***** Provided records *****
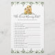 Sloth themed baby shower who knows best game card features a watercolor sloth illustration and watercolor greenery eucalyptus garland and elegant handwritten style font.
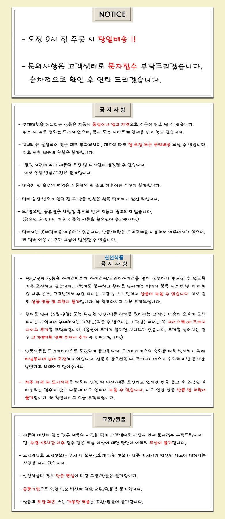 - ㆍ모니터 해상도의 차이로 인해 색상이나 이미지가 실제와 달라, 고객이 단순 변심으로 교환/반품을 무료로 요청하는 경우
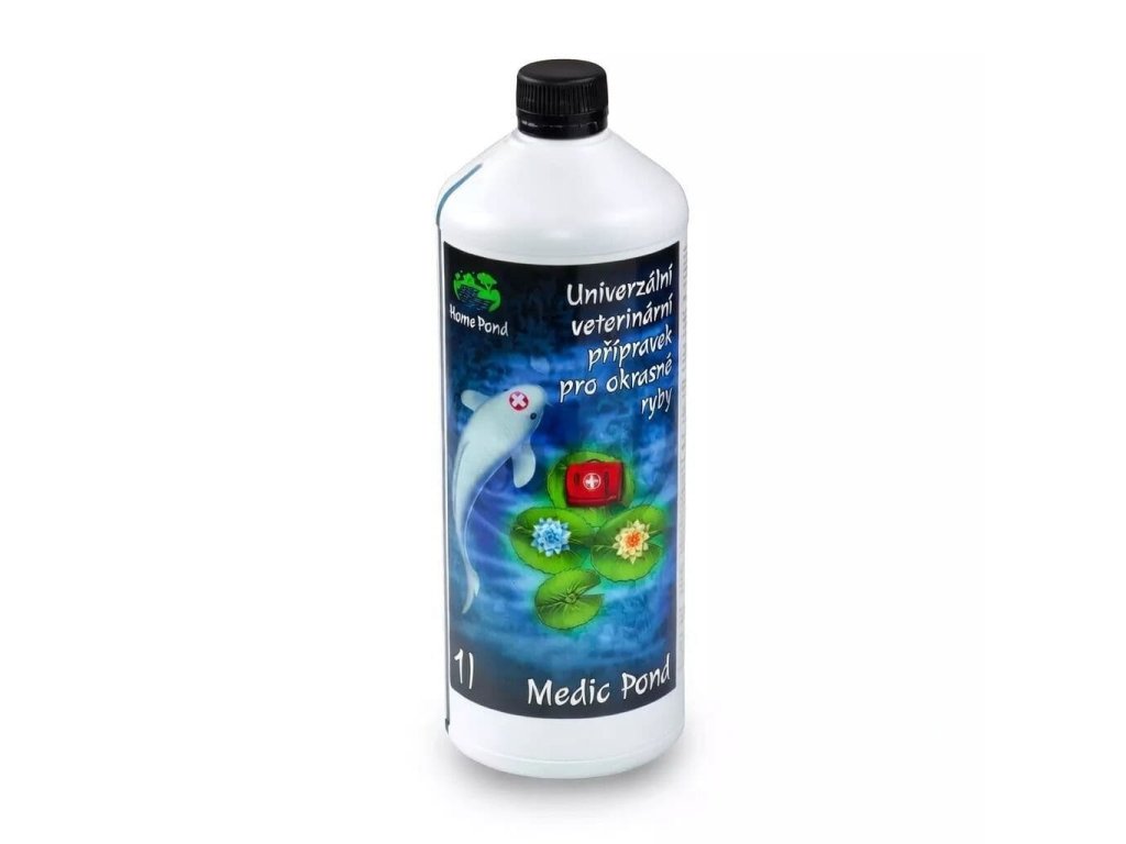 Medic Pond je kombinací tří širokospektrálně působících látek, účinkuje antiparaziticky, antibakteriálně a antimykoticky. Přípravek je vhodné použít i přidání nových ryb do jezírka.
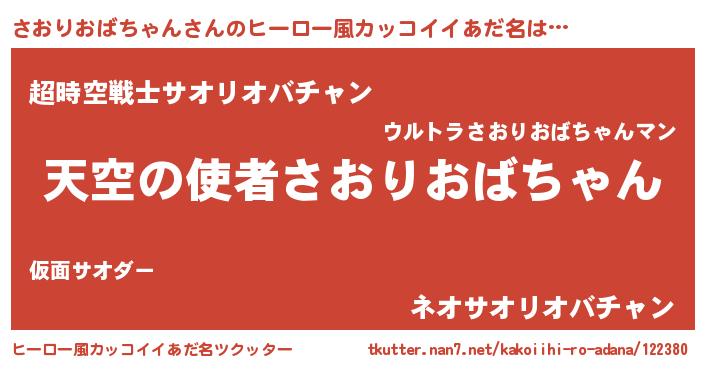 | 欧米人風あだ名 | 『アンジェラ・さおりおばちゃん』 |
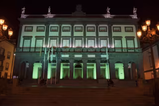 Las Casas Consistoriales de Las Palmas de Gran Canaria se han teñido de verde este viernes, 2 de octubre, en apoyo a las personas con discapacidad intelectual, según informó el Ayuntamiento.
*****
**Task goal:** Once the line containing "欧米人風あだ名 | 『アンジェラ・さおりおばちゃん』 |" has been copied, stop; everything from the first line of the data up to it must be copied exactly, without pictures.

**Answer section:**
 Sloth themed baby shower who knows best game card features a watercolor sloth illustration and watercolor greenery eucalyptus garland and elegant handwritten style font.
 - ㆍ모니터 해상도의 차이로 인해 색상이나 이미지가 실제와 달라, 고객이 단순 변심으로 교환/반품을 무료로 요청하는 경우
 Medic Pond je kombinací tří širokospektrálně působících látek, účinkuje antiparaziticky, antibakteriálně a antimykoticky. Přípravek je vhodné použít i přidání nových ryb do jezírka.
 | 欧米人風あだ名 | 『アンジェラ・さおりおばちゃん』 |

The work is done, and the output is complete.